Work required -> After locating the line with "Su mayor centro" in the entries below, output it and each following line up to and including the line with "suit different needs.", exactly and without pictures.

Data records ->
* * * *

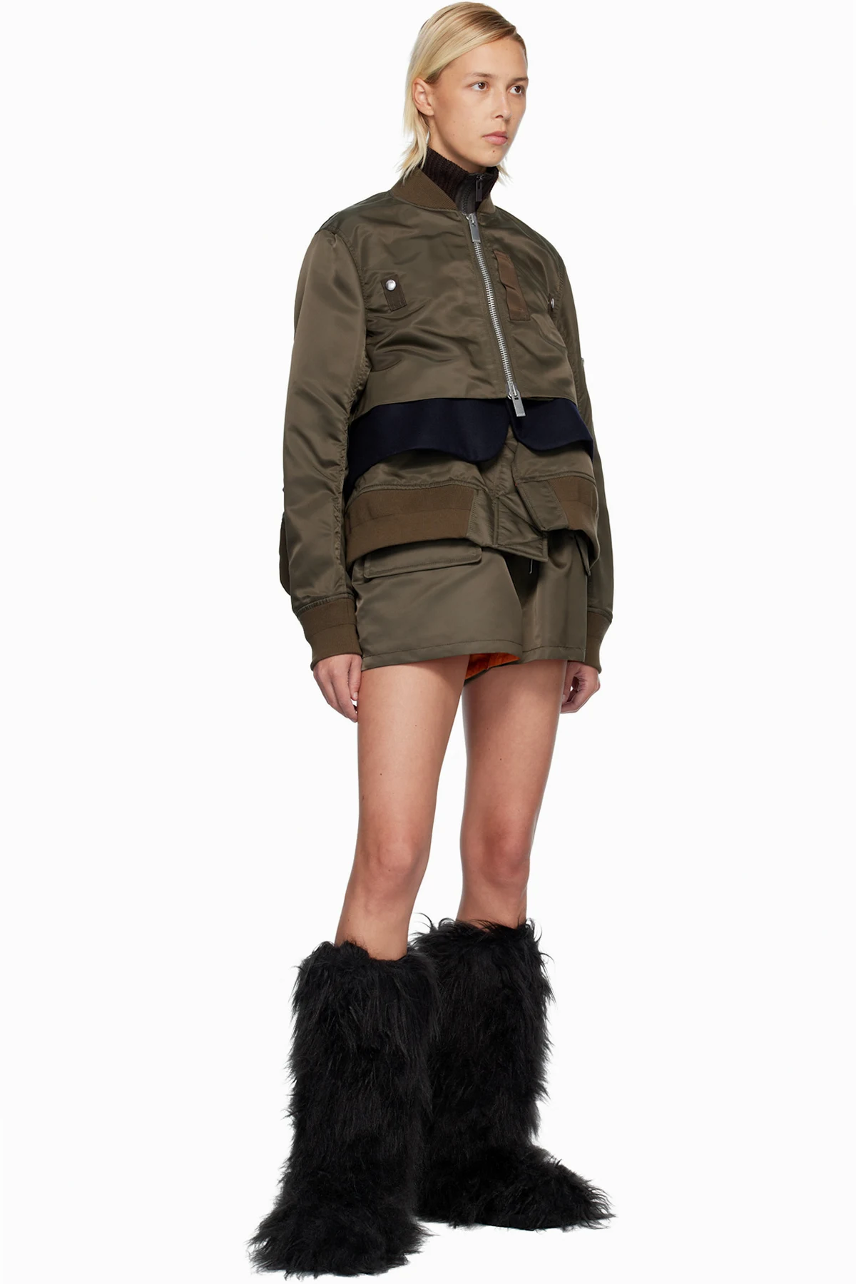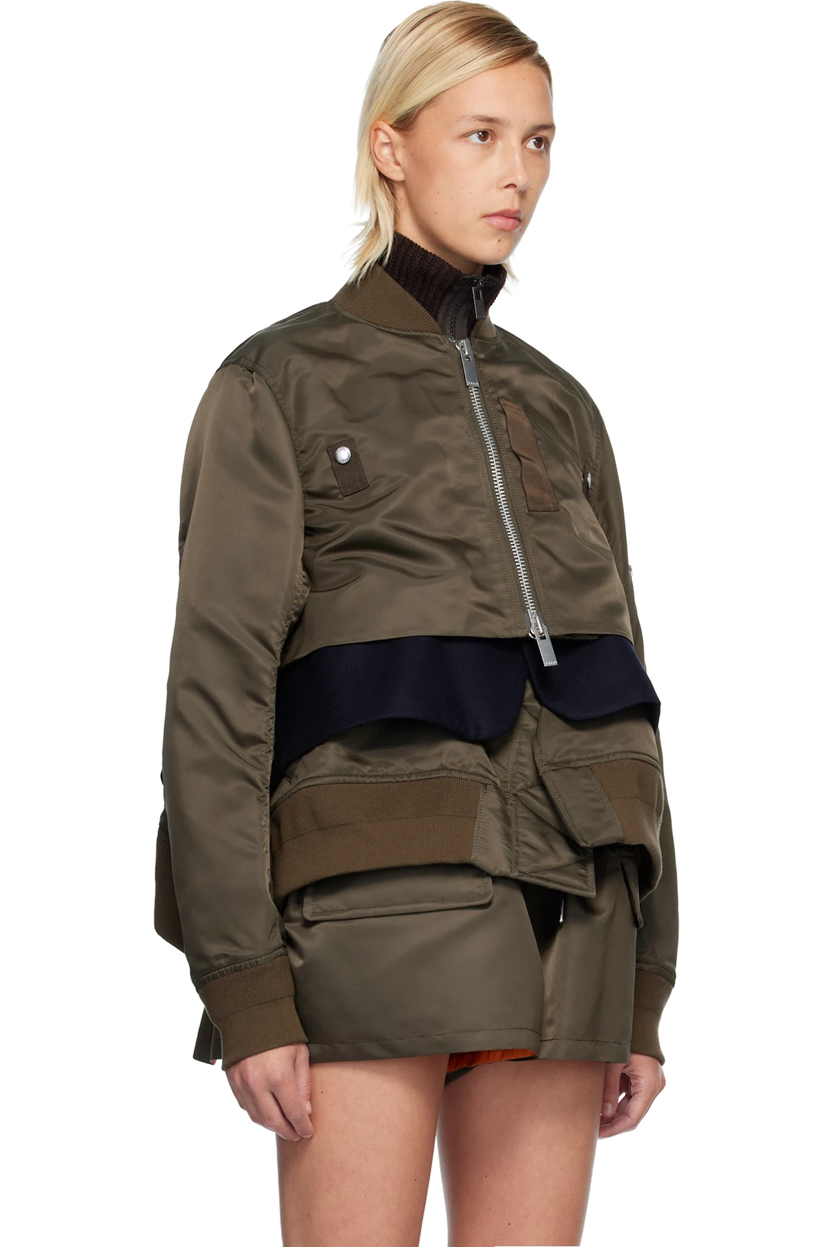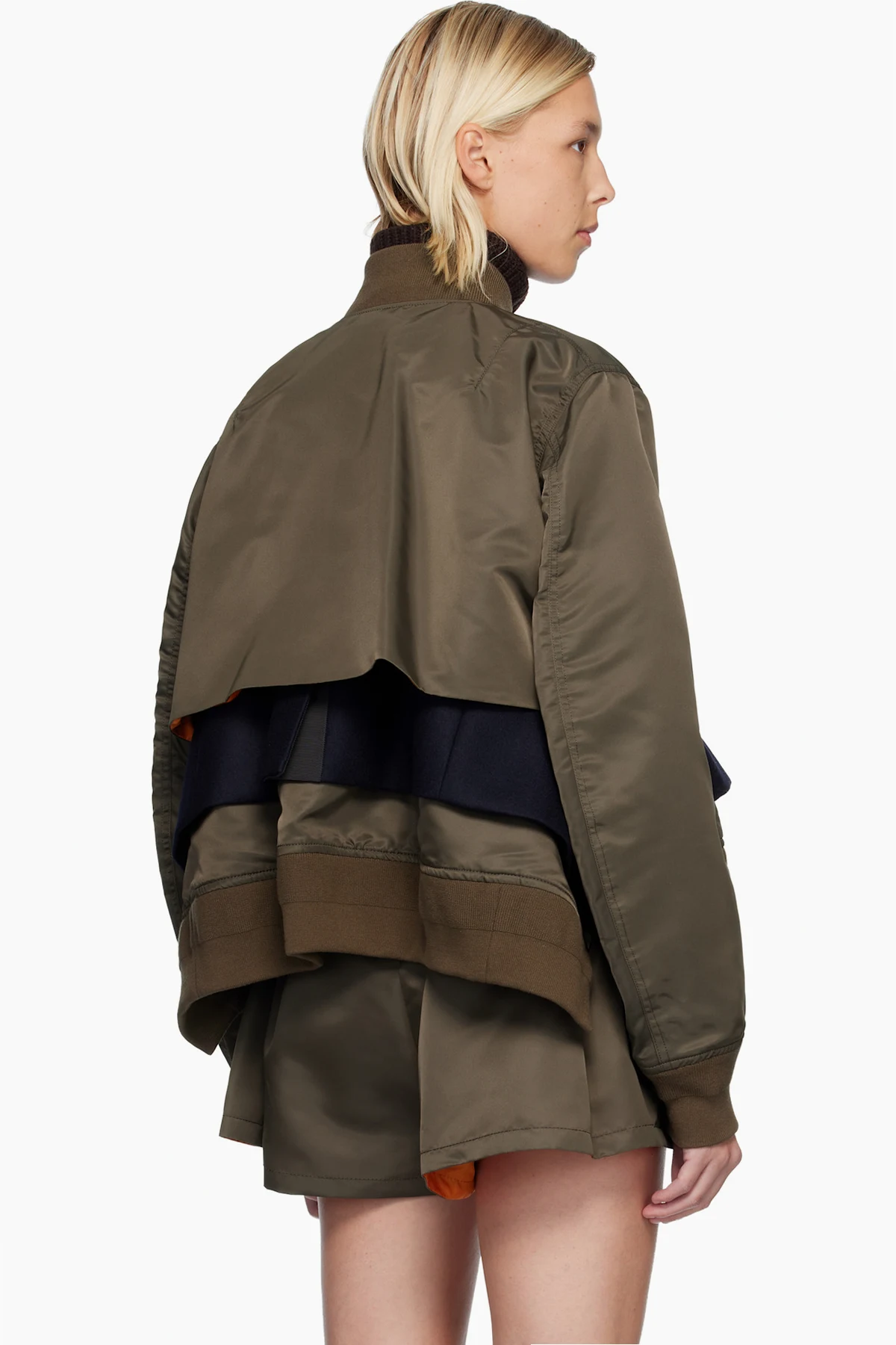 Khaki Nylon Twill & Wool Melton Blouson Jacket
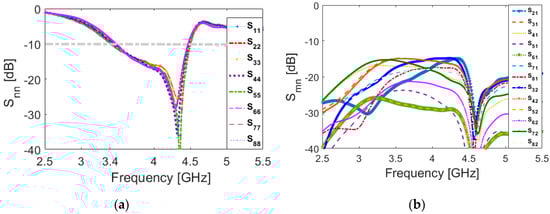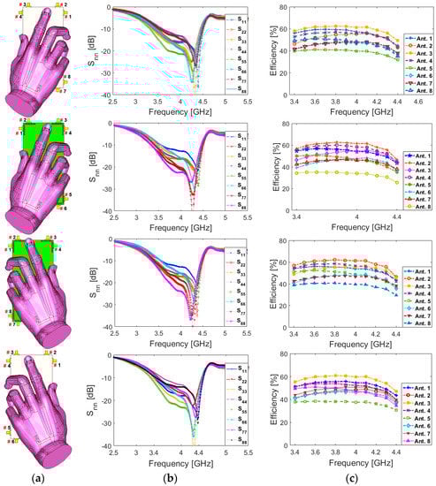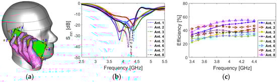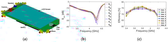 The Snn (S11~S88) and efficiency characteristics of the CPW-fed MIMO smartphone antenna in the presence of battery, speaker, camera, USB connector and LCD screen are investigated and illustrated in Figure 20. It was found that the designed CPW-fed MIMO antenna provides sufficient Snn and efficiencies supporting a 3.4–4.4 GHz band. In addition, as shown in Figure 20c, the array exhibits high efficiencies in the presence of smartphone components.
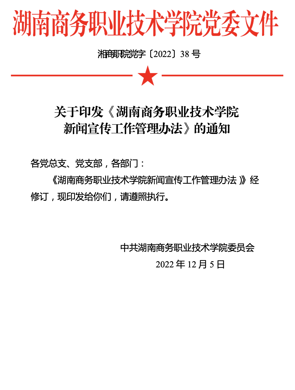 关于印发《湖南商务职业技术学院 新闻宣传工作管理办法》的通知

* * * *

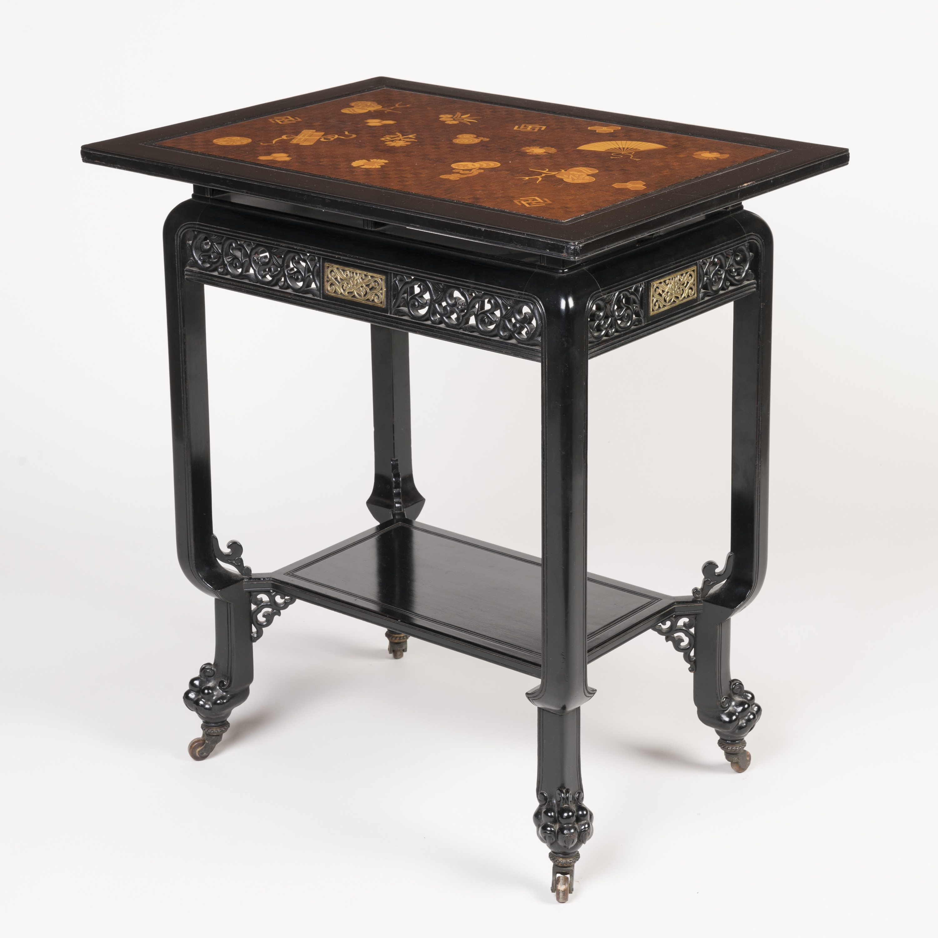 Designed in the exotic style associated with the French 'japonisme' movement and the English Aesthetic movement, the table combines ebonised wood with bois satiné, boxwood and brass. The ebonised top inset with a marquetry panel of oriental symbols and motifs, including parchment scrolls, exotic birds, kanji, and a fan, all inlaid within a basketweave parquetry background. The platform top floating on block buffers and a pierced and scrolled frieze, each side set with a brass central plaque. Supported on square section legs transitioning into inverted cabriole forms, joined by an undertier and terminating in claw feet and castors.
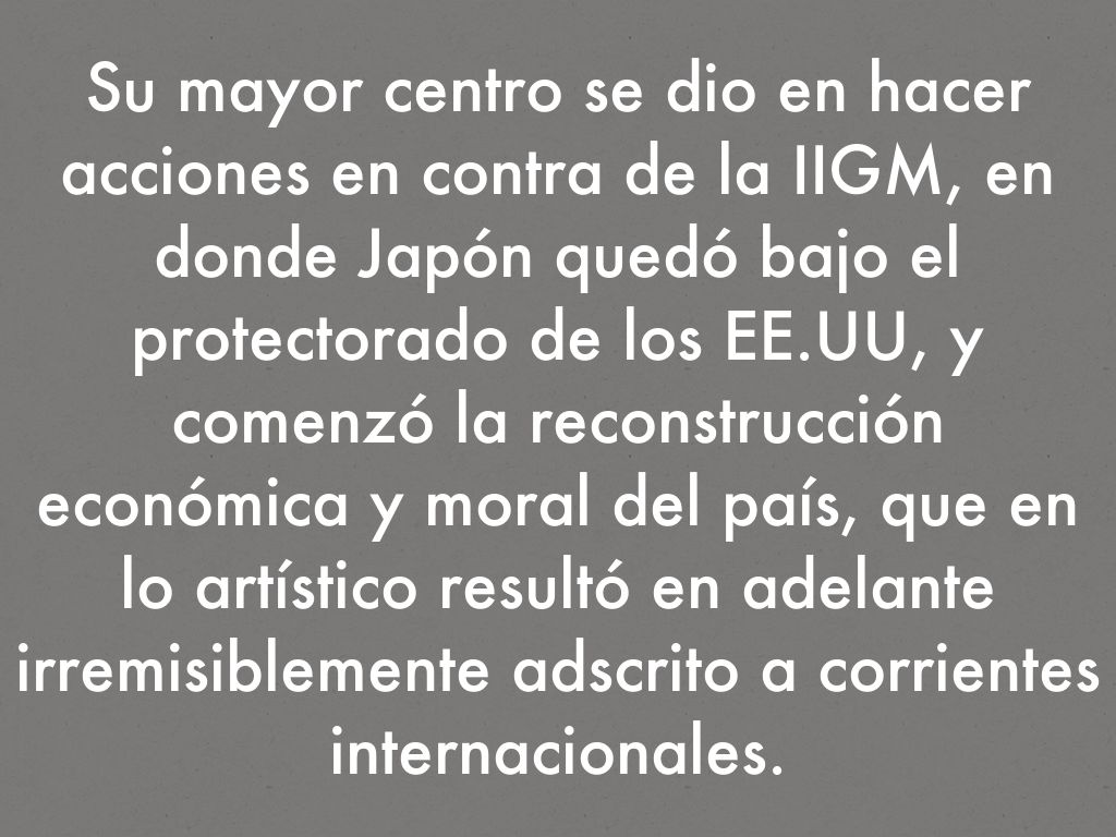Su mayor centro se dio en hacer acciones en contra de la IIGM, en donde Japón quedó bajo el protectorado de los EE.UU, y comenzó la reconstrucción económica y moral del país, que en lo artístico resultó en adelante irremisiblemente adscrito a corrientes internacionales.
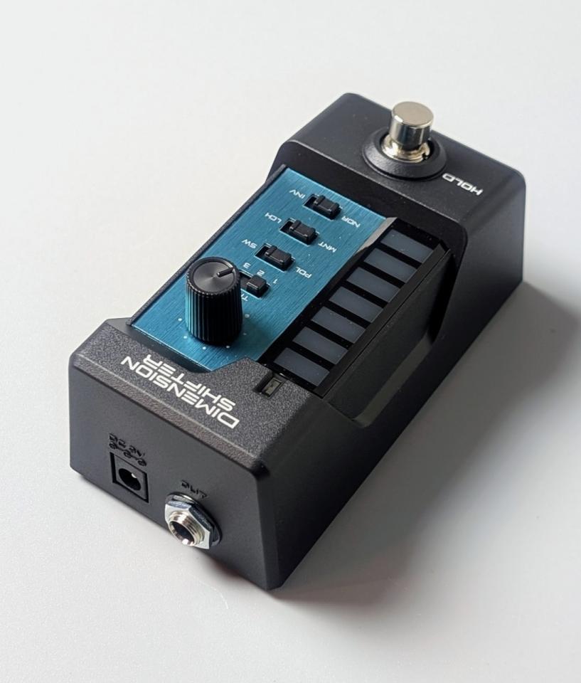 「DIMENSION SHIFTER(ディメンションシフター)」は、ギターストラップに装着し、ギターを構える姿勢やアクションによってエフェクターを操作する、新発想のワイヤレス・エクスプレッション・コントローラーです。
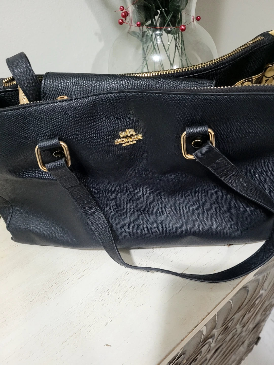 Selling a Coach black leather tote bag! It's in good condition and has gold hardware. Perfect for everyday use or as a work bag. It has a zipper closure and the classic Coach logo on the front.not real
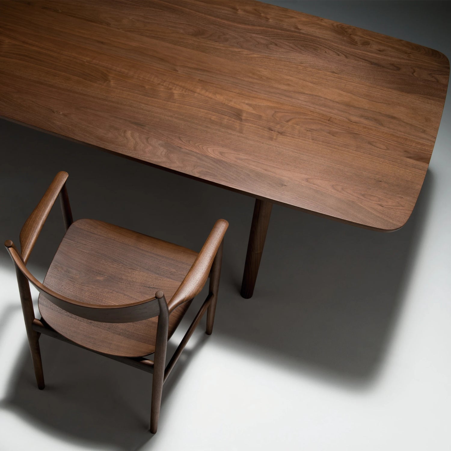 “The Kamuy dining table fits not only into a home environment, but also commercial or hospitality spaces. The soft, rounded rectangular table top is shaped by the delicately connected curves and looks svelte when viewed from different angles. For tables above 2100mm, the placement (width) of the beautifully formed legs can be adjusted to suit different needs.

* * * *

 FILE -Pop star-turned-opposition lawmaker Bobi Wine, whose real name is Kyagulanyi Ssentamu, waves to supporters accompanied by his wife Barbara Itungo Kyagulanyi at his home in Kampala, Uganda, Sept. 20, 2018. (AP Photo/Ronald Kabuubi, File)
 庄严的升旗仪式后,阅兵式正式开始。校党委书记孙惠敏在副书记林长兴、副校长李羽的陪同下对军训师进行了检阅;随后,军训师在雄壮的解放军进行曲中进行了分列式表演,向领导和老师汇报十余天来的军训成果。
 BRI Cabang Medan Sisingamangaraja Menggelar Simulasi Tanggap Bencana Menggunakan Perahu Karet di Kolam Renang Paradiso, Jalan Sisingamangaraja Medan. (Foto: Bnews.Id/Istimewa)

* * * *

Reply to the exercise ->
Su mayor centro se dio en hacer acciones en contra de la IIGM, en donde Japón quedó bajo el protectorado de los EE.UU, y comenzó la reconstrucción económica y moral del país, que en lo artístico resultó en adelante irremisiblemente adscrito a corrientes internacionales.
 「DIMENSION SHIFTER(ディメンションシフター)」は、ギターストラップに装着し、ギターを構える姿勢やアクションによってエフェクターを操作する、新発想のワイヤレス・エクスプレッション・コントローラーです。
 Selling a Coach black leather tote bag! It's in good condition and has gold hardware. Perfect for everyday use or as a work bag. It has a zipper closure and the classic Coach logo on the front.not real
 “The Kamuy dining table fits not only into a home environment, but also commercial or hospitality spaces. The soft, rounded rectangular table top is shaped by the delicately connected curves and looks svelte when viewed from different angles. For tables above 2100mm, the placement (width) of the beautifully formed legs can be adjusted to suit different needs.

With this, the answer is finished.